The township is named after Wawatam, an Odawa chief noted for rescuing British trader Alexander Henry the elder from the Ojibwas' capture of Fort Michilimackinac in 1763.

==Communities==
- Mackinaw City is a village located at in the northeast portion of the township. Mackinaw City is also located in the northeast portion of Mackinaw Township. I-75 runs through Mackinaw City, and the southern end of the Mackinac Bridge is located in the village.

==Geography==
According to the United States Census Bureau, the township has a total area of 20.38 sqmi, of which 15.73 sqmi is land and 4.65 sqmi (22.82%) is water. The township contains a large inland lake, French Farm Lake.

==Demographics==
As of the census of 2000, there were 705 people, 329 households, and 207 families residing in the township.

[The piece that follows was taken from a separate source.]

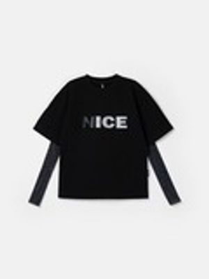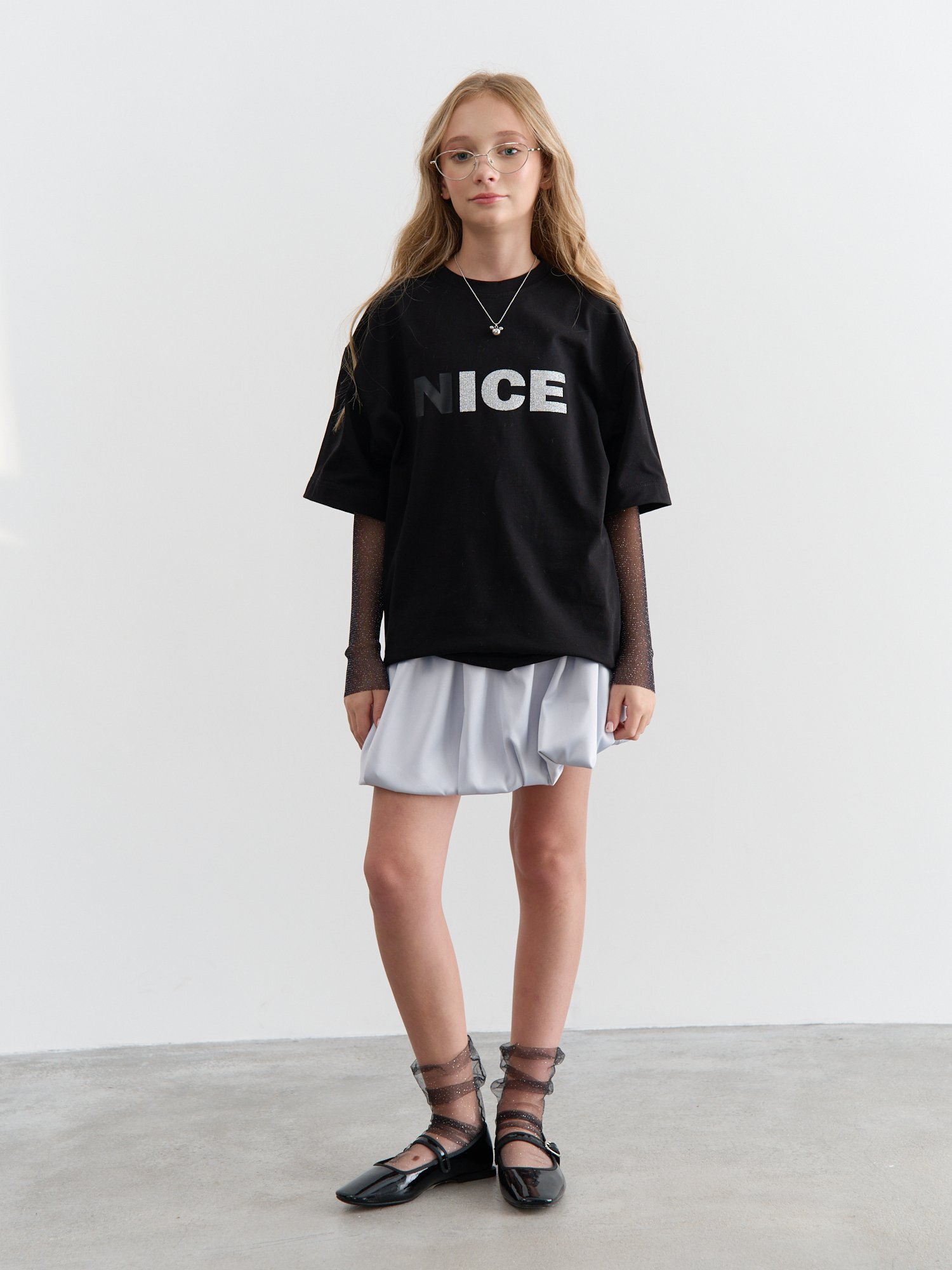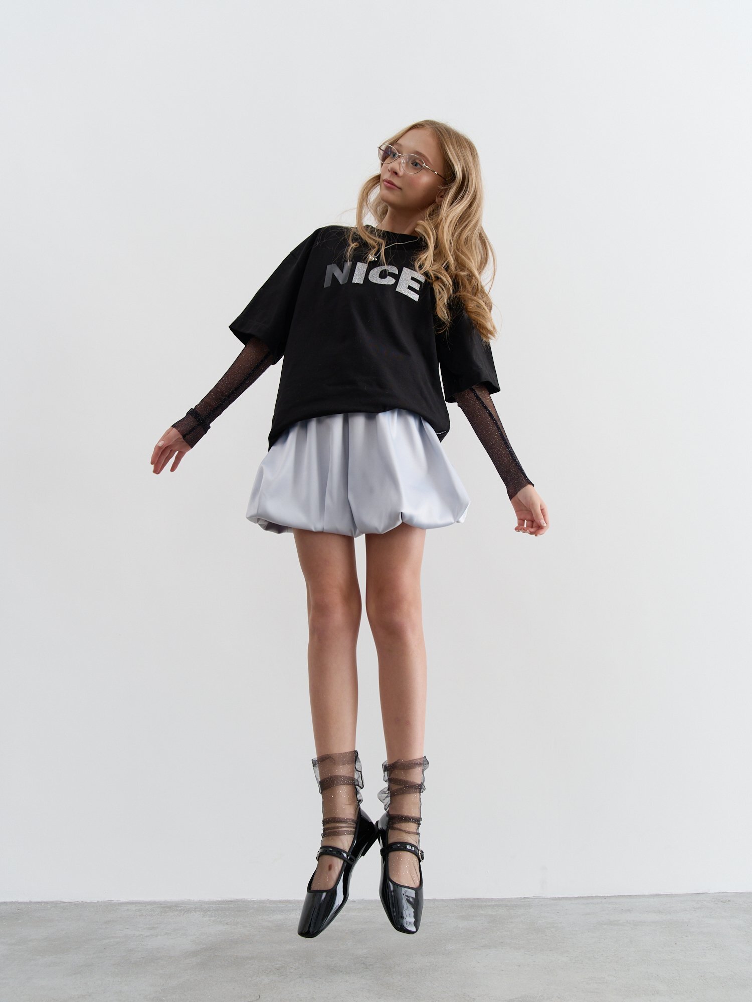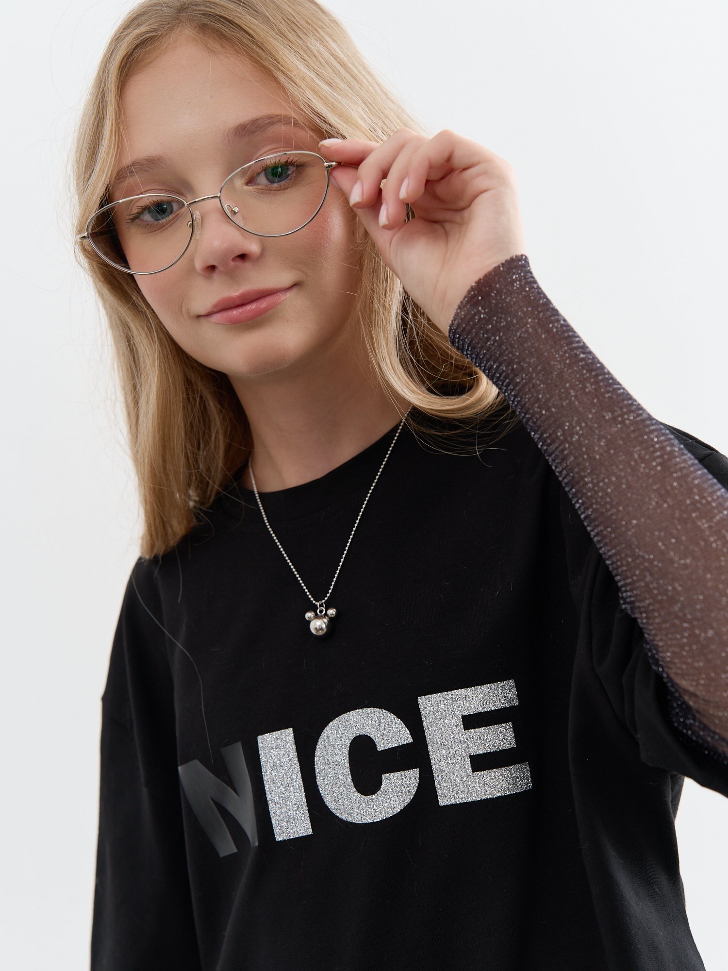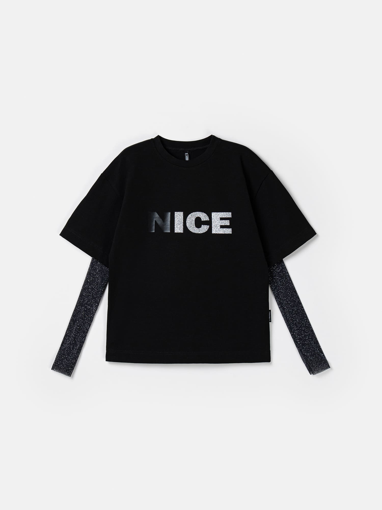 Футболка из мягкого и приятного к телу трикотажа дополнена митенками из полупрозрачной ткани.
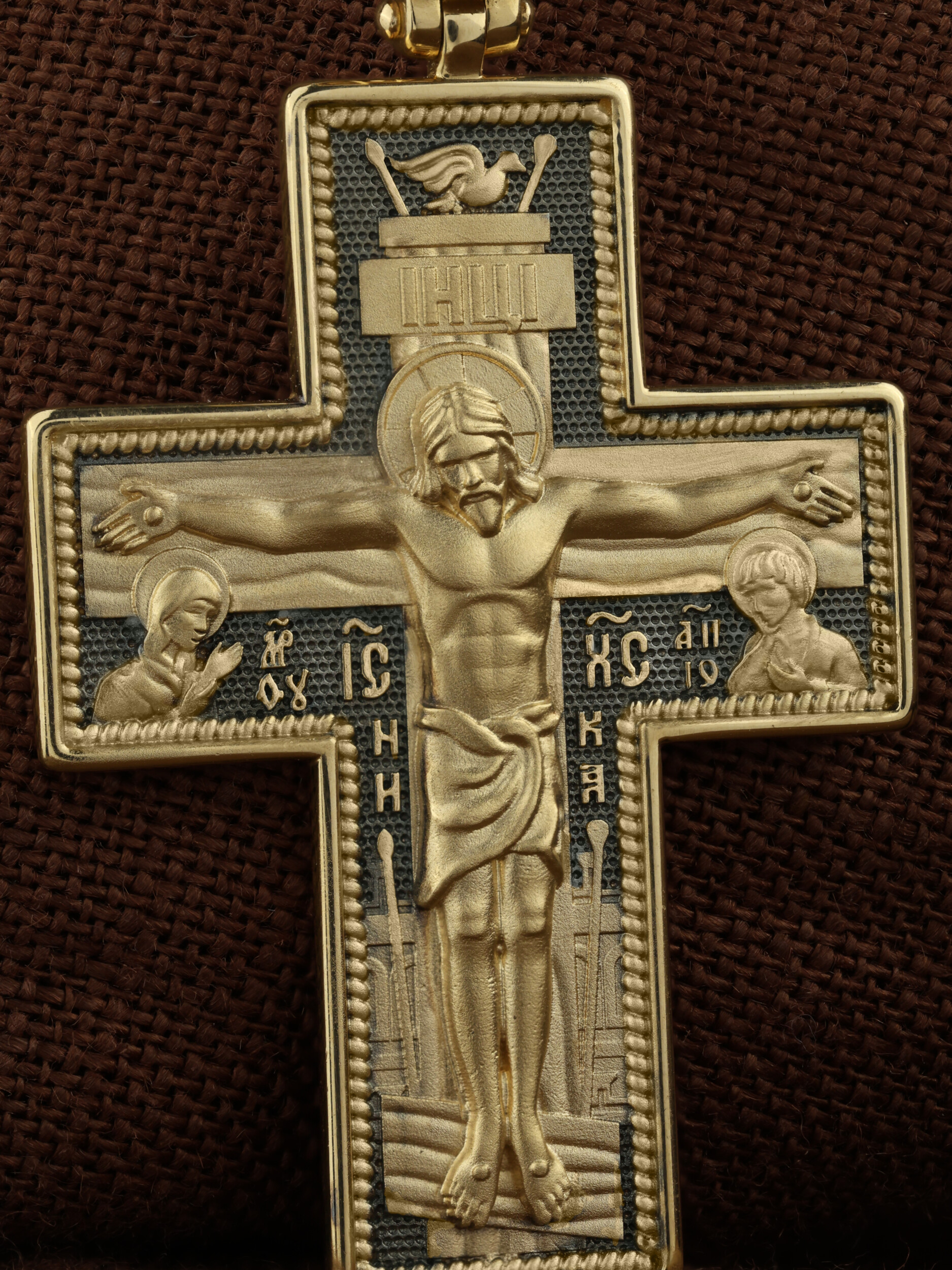 На лицевой стороне изображено Распятие Господа Иисуса Христа. С двух сторон Христу предстоят Пресвятая Богородица и св. пророк и Предтеча Господень Иоанн Креститель, которые имеют особое дерзновение перед Богом молиться за всех людей. Иконы, где они изображены молящимися Христу, называются Деисус, что значит «моление».

The population density was 44.8 PD/sqmi. There were 587 housing units at an average density of 37.3 /sqmi. The racial makeup of the township was 94.33% White, 0.28% African American, 4.40% Native American, 0.14% Asian, and 0.85% from two or more races. Hispanic or Latino of any race were 0.85% of the population.

There were 329 households, out of which 23.1% had children under the age of 18 living with them, 52.9% were married couples living together, 7.3% had a female householder with no husband present, and 36.8% were non-families. 31.9% of all households were made up of individuals, and 16.4% had someone living alone who was 65 years of age or older. The average household size was 2.14 and the average family size was 2.66.

In the township the population was spread out, with 20.4% under the age of 18, 4.5% from 18 to 24, 24.0% from 25 to 44, 29.1% from 45 to 64, and 22.0% who were 65 years of age or older. The median age was 46 years. For every 100 females, there were 90.0 males. For every 100 females age 18 and over, there were 85.8 males.

The median income for a household in the township was $35,909, and the median income for a family was $46,875. Males had a median income of $32,188 versus $30,536 for females. The per capita income for the township was $19,525. About 5.1% of families and 7.5% of the population were below the poverty line, including 13.0% of those under age 18 and 1.4% of those age 65 or over.